= Beginning of Section =

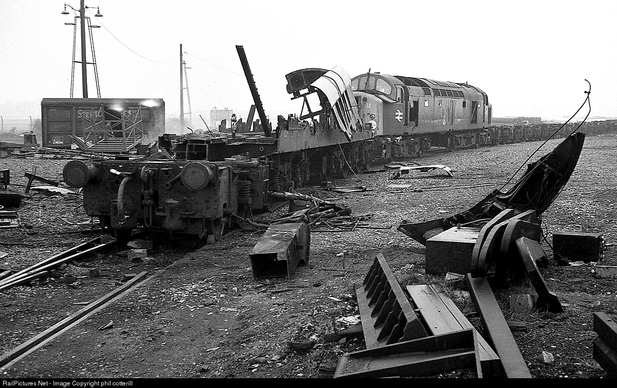 | Class 45 Sulzer No 45030 and English-Electric 40042 are being scrapped at Derby loco works in 1981. Looks like someone has bought the panel with the loco number on from 40042. |
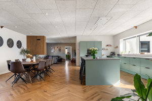 Køkkenalrummet byder på et skønt lysindfald fra de store vinduer og god plads omkring den rummelige bordplade. Her opleves en åben og indbydende atmosfære, hvor hverdagens aktiviteter kan udfolde sig naturligt.
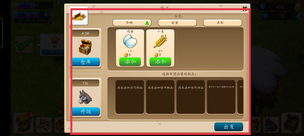 点击右下方的小马,就可以将仓库中的商品进行出售了,只要选择商品并点击添加,最后点击出发就可以了。
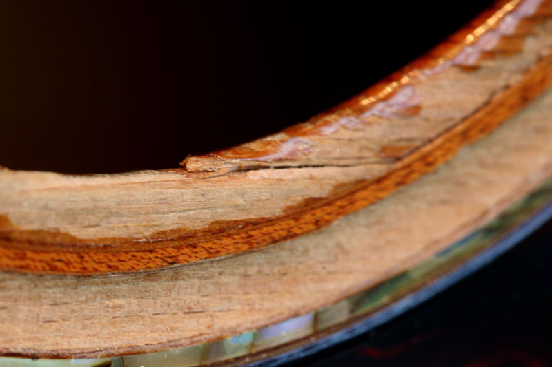 | The cracked soundhole of the DY-66... |
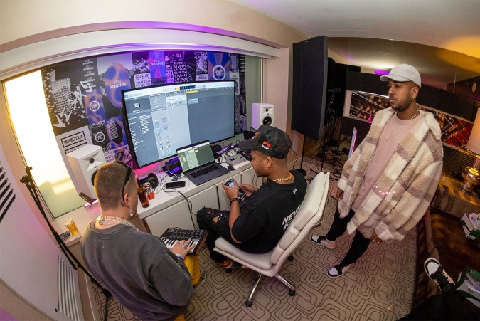 Along with the talent that walked through Remezcla Studios, the event also featured a recording studio set up for unexpected collabs and interactions — a space that had producer Caleb Calloway on hand to create some new sounds and set the tone for emerging and established Latine musicians to collaborate. And that wasn’t all, if attendees wanted to take their creativity from sound to fashion: PUMA partnered with Major Wavezz to offer customized shoes to top artists in their designer studio that featured the Vegas skyline as their background. It was no surprise to see the artists bring their A-game when it came to designing their customized shoes.

= End of Section =

Could you copy, exactly and with no pictures, each line from the first one above to the line holding "the DY-66... |"?

▸ **OUTPUT OF THE TASK**:
 | Class 45 Sulzer No 45030 and English-Electric 40042 are being scrapped at Derby loco works in 1981. Looks like someone has bought the panel with the loco number on from 40042. |
 Køkkenalrummet byder på et skønt lysindfald fra de store vinduer og god plads omkring den rummelige bordplade. Her opleves en åben og indbydende atmosfære, hvor hverdagens aktiviteter kan udfolde sig naturligt.
 点击右下方的小马,就可以将仓库中的商品进行出售了,只要选择商品并点击添加,最后点击出发就可以了。
 | The cracked soundhole of the DY-66... |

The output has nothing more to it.